Tuesday, December 02, 2003



Wasted Maths

NZpols wastes a lot of maths defending presumptive rule consequentialism. I say wasted, because she missed my point completely.

The retreat to rule consequentialism is driven primarily by clashes between consequentialism and justice. The classic example here is that of McCloskey, who points out that consequentialists (well, he talks about utilitarians - hedonic consequentialists - but the argument is applicable to general consequentialism unless an infinite disvalue is placed upon certain actions) must bear false witness against an innocent person if it that would stop a riot. Or use collective punishment to prevent guerilla activity in wartime. Or impose harsh punishments on the guilty to meet public demand for retribution. Or support laws designed to defend an insecure democracy by making it a crime to "arouse the suspicions of the government".

In other words, any arbitrary injustice is allowed provided it makes people overall better-off by whatever metric is used. This is widely regarded as a knock-down argument for act-consequentialism.

So, consequentialists retreat to rules. Instead of asking "would this act make people better off", they ask "what general rules of conduct will make people better off". A society where people routinely bear false witness against the innocent would be fairly unpleasant, so it's better not to. This solves the problem of justice, but at the cost of consistency - because, as NZPols points out, there will be cases where the rule clearly results in "bad decisions" (meaning people will be worse off by whatever metric is used).

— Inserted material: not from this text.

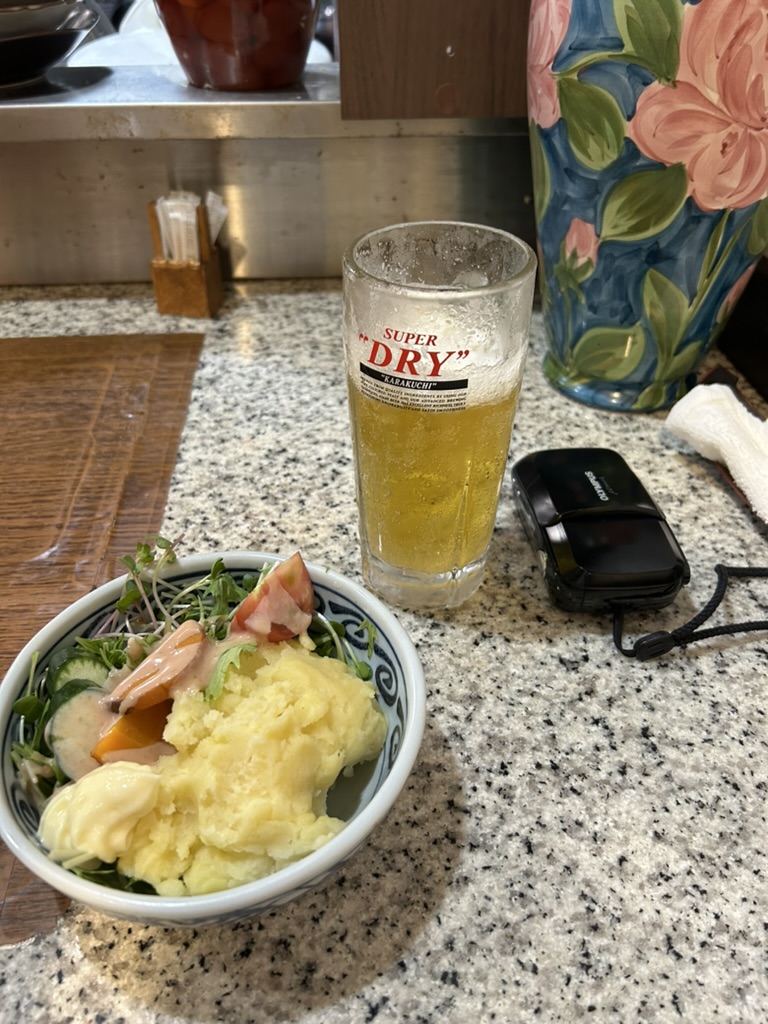 생맥주 한 잔, 감자 샐러드, 야끼소바를 주문했고 은색 기타 케이스를 멘 30대 남성 한 명이 들어온다. 내 옆에 자리를 내어주기 위해 이번엔 내가 한 칸 자리를 옮겼다. 내 감자 샐러드가 먼저 나오고, 그가 주문한 스지 간장 조림과 가라아게가 나왔다.

The move to presumptive rule consequentialism - having rules, but ignoring them in cases where following them would make people worse off - restores consistency, but brings the problem of justice right back with it. After all, McCloskey's cases are precisely those where violating general rules (specifically those against against injustice) will result in people being better off. In fact, it's difficult to see how presumptive rule consequentialism differs from act consequentialism in any significant way; the only difference it makes is that you should be really, really, really sure about things before you execute an innocent man to please the mob.